-- Dataset excerpt --

━━━━━━━━━━━━━━━━━━━━

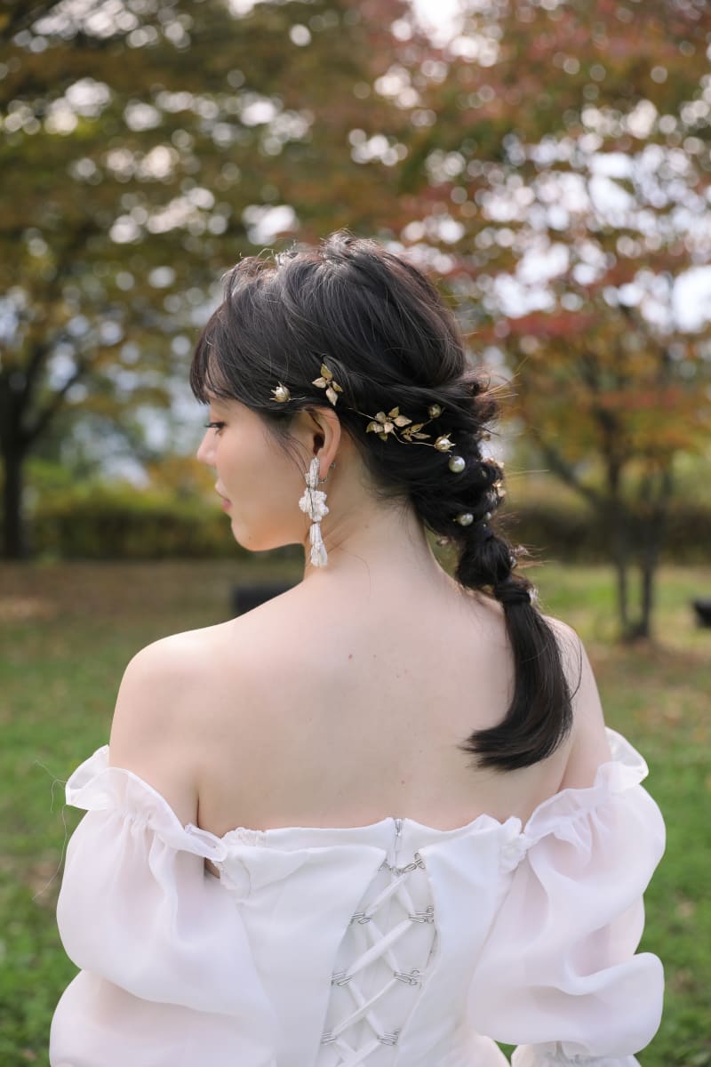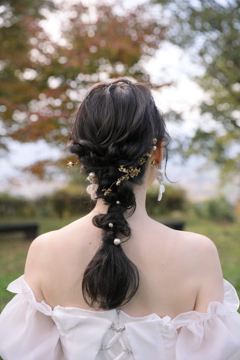 ヘアスタイルは玉葱さんあみおろしアレンジです。
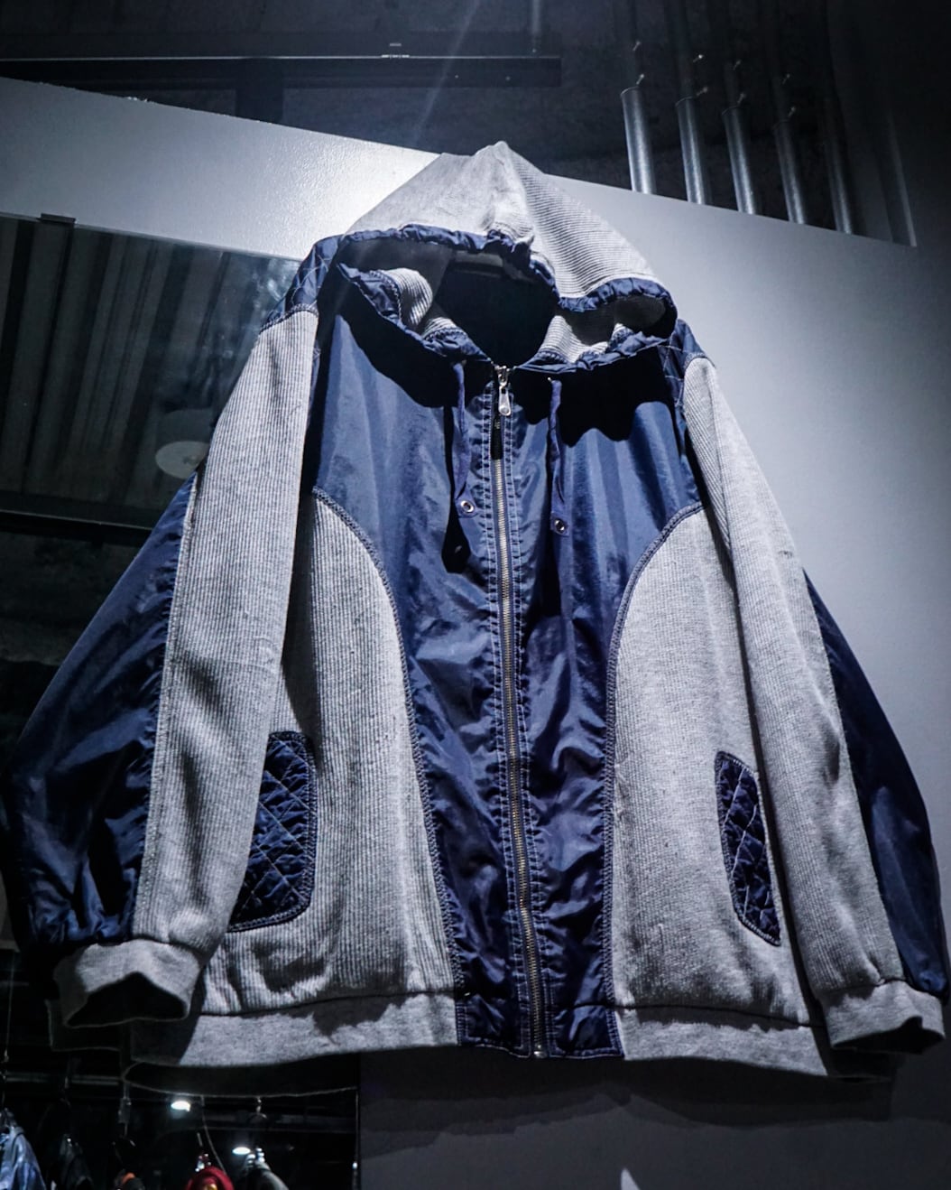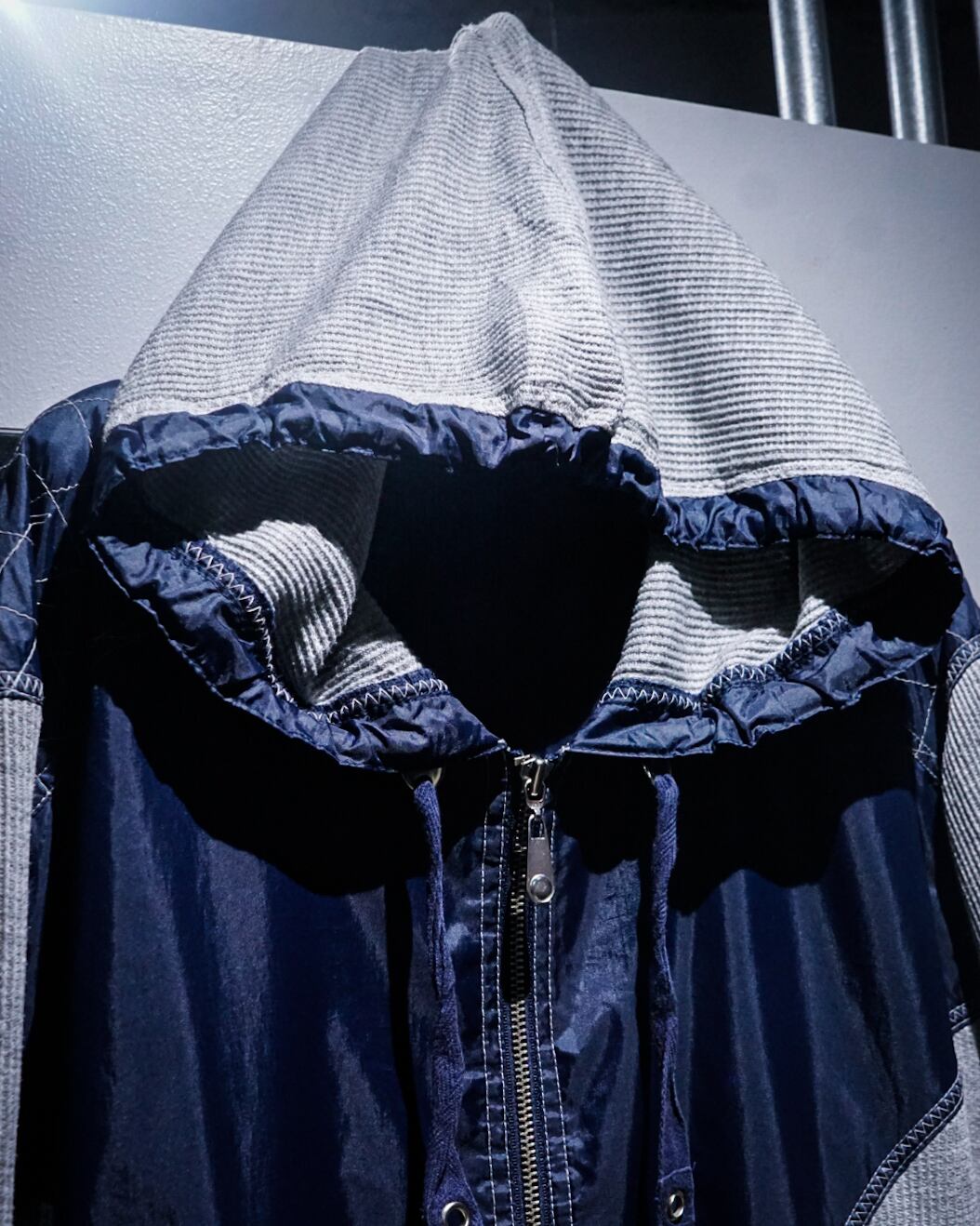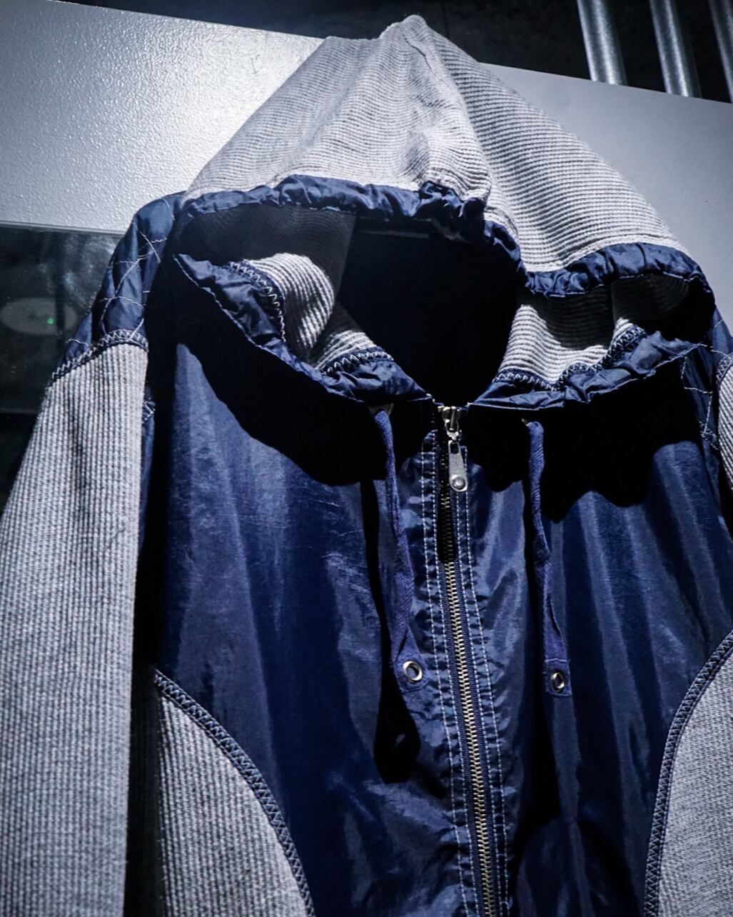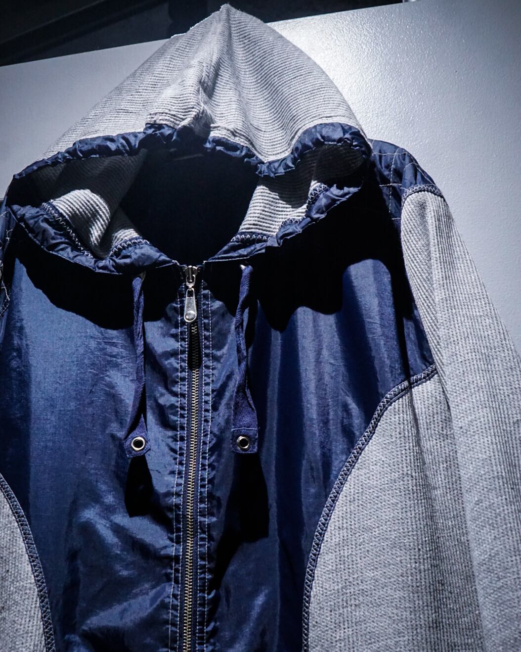 グレーのスウェットボディをベースとしフロントやバック、ポケットなど随所にナイロンを切り替え、異素材使いが目を引くジップフーディの1着。
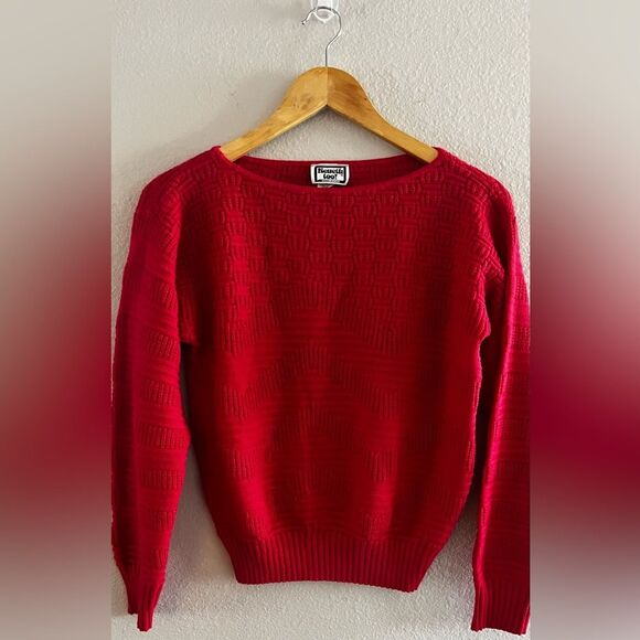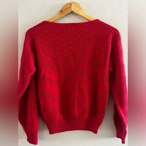 Vintage Keneth Too! SZ S/M Red Crew Neck Sweater Classic Knit 80s
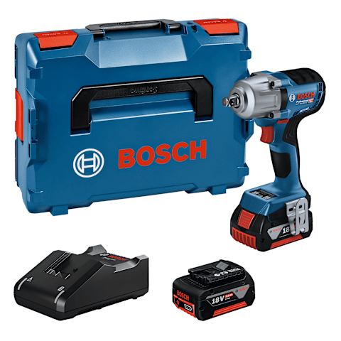 Akku-Drehschlagschrauber GDS 18V-450 HC, Arbeitserleichterung mit dem Akku-Drehschlagschrauber GDS 18V-450 HC Professional. Zwei Standardbetriebsarten am User Interface (Metallsschrauben/Muttern (A) und Holzschrauben (B)) sorgen für eine kontrollierte Anwendung und verhindern gebrochene Schraubenköpfe und den Verlust von Metallschrauben oder -muttern, indem der Drehschlagschrauber verlangsamt oder abschaltet. Jede Betriebsart kann über die Bosch Toolbox App bequem für die jeweilige Anwendung eingestellt werden. Anziehmoment von 450 Nm und Losbrechmoment von 800 Nm liefern Höchstleistung. Höhere Flexibilität und Kontrolle dank drei Geschwindigkeits-/Drehmomentstufen. Der Drehschlagschrauber ist ideal für Metallwerkstätten/Schlosser, Industriemontage, Rahmenbau und Fahrzeuginstandhaltung bei der Verwendung von Metallschrauben/Muttern von M10 bis M20. Das Gerät ist kompatibel mit allen Bosch Professional 18V-Akkus und -Ladegeräten (Professional 18V System). Auch kompatibel mit AMPShare, der markenübergreifenden Akku-Allianz. Der GDS 18V-450 HC verfügt für zusätzlichen Komfort über eine Werkzeugstatusanzeige, ein LED-Licht und einen Gürtelclip. 2 x Akku GBA 18V 5.0Ah (1 600 A00 2U5). Schnellladegerät GAL 18V-40 Professional (1 600 A01 9RJ). L-BOXX 136 (1 600 A01 2G0). 1/1 L-BOXX-Einlage (1 600 A02 DG5)

━━━━━━━━━━━━━━━━━━━━

-- What to work on --
Retype the listing exactly. Leave the pictures out.

-- Response to this exercise --
 ヘアスタイルは玉葱さんあみおろしアレンジです。
 グレーのスウェットボディをベースとしフロントやバック、ポケットなど随所にナイロンを切り替え、異素材使いが目を引くジップフーディの1着。
 Vintage Keneth Too! SZ S/M Red Crew Neck Sweater Classic Knit 80s
 Akku-Drehschlagschrauber GDS 18V-450 HC, Arbeitserleichterung mit dem Akku-Drehschlagschrauber GDS 18V-450 HC Professional. Zwei Standardbetriebsarten am User Interface (Metallsschrauben/Muttern (A) und Holzschrauben (B)) sorgen für eine kontrollierte Anwendung und verhindern gebrochene Schraubenköpfe und den Verlust von Metallschrauben oder -muttern, indem der Drehschlagschrauber verlangsamt oder abschaltet. Jede Betriebsart kann über die Bosch Toolbox App bequem für die jeweilige Anwendung eingestellt werden. Anziehmoment von 450 Nm und Losbrechmoment von 800 Nm liefern Höchstleistung. Höhere Flexibilität und Kontrolle dank drei Geschwindigkeits-/Drehmomentstufen. Der Drehschlagschrauber ist ideal für Metallwerkstätten/Schlosser, Industriemontage, Rahmenbau und Fahrzeuginstandhaltung bei der Verwendung von Metallschrauben/Muttern von M10 bis M20. Das Gerät ist kompatibel mit allen Bosch Professional 18V-Akkus und -Ladegeräten (Professional 18V System). Auch kompatibel mit AMPShare, der markenübergreifenden Akku-Allianz. Der GDS 18V-450 HC verfügt für zusätzlichen Komfort über eine Werkzeugstatusanzeige, ein LED-Licht und einen Gürtelclip. 2 x Akku GBA 18V 5.0Ah (1 600 A00 2U5). Schnellladegerät GAL 18V-40 Professional (1 600 A01 9RJ). L-BOXX 136 (1 600 A01 2G0). 1/1 L-BOXX-Einlage (1 600 A02 DG5)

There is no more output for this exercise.